The Kansas Legislature is considering a proposal to remove school finance from constitutional review by the Kansas Supreme Court. This proposal is both ill conceived and would endanger the very central structure of Kansas government and law. The proposals themselves arise not only from legislators’ anger at the court’s decisions in several cases, but, also, from a profound misunderstanding of the role of the Supreme Court in a constitutional system of checks and balances.

The legislative critics of the Supreme Court’s decisions in Gannon and related cases seem simply to not understand the role that judges must fulfill in the constitutional process of judicial review. Judges do not render opinions according to their own beliefs or inclinations. Instead, a judge’s constitutionally defined function is to decide whether a particular statute complies with the law of the state, as it is codified in the Kansas Constitution and decisions interpreting the constitution. Judges’ decisions in the judicial review process are bounded by the language and existing judicial interpretations of the state constitution. If a court decides that a law violates the constitution then it is up to the Legislature to produce a law that does not do so. After careful review in a fair and impartial process that is precisely what the Kansas Supreme Court has said in its school finance decisions. The court found that the current school funding law violates the constitution. Now, in order for schools to keep operating after June 30, legislators must pass a school funding law that complies with the constitution.

Thus, the only appropriate basis for criticizing judges of the Kansas Supreme Court in their judicial review function is if they do not interpret the constitution or follow existing cases interpreting the constitution faithfully. I have seen no evidence of that having occurred. In the absence of such unfaithful behavior, when the court holds that a statute passed by the legislature is illegal, i.e. does not comply with the state constitution, then the Supreme Court is doing precisely what it is supposed to do. It is protecting the constitution and, thereby, protecting the people’s rights provided in the constitution. This is the essence of our system of “checks and balances.” This system protects us, the people of the state from governmental tyranny. Without judicial review and “checks and balances,” every bill the Legislature passes and the governor signs will become law without anyone asking whether that law is constitutional except those who passed it. To give such power to any branch of government can easily lead to tyranny. The Supreme Court acts as the ultimate protector of the people’s will as expressed in the constitution by exercising its review function.

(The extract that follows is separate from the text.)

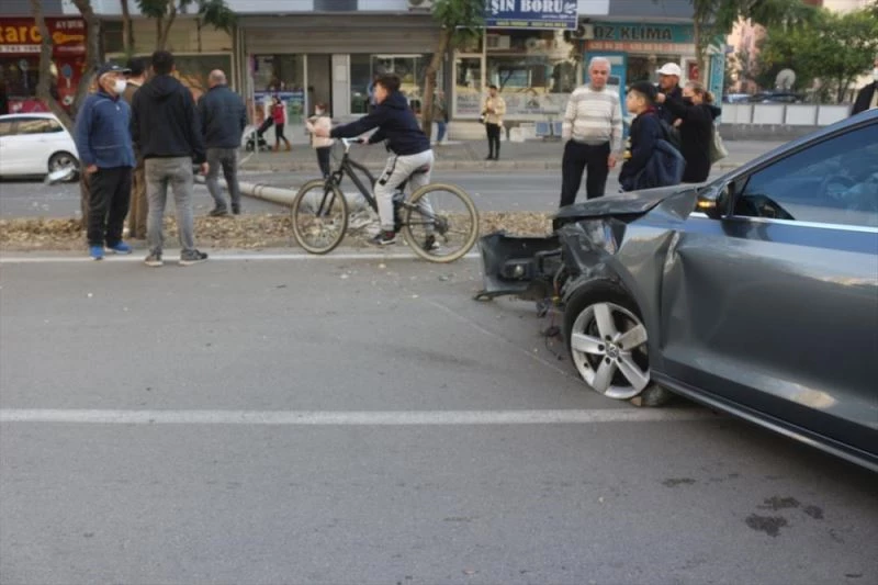ADANA - Adana'nın merkez Çukurova ilçesinde aydınlatma direğine çarpan otomobilin sürücüsü yaralandı.

When the Legislature proposes to remove constitutional overview in an area covered by the state constitution, they not only destroy the critical system of checks and balances that have assured our liberty for generations, they also take onto themselves greater power than ever the founders of our state and nation envisaged for them to have.

If the Legislature is unhappy with the Supreme Court’s decisions in the school finance cases or in the criminal cases that have also come under attack I believe that the honest and proper course for them is to propose a constitutional amendment that removes school finance from the state constitution. This would let the people of Kansas decide openly whether they want to have education continue to be a constitutional right. But to leave the provision on the right to an adequate education in the constitution and remove any overview from the courts is simply to take away any checks on what would then be the unbridled power of the Legislature in this critical governmental area. To my mind, that constitutes the first steps to tyranny.

Mike Hoeflich is a professor with the University of Kansas School of Law.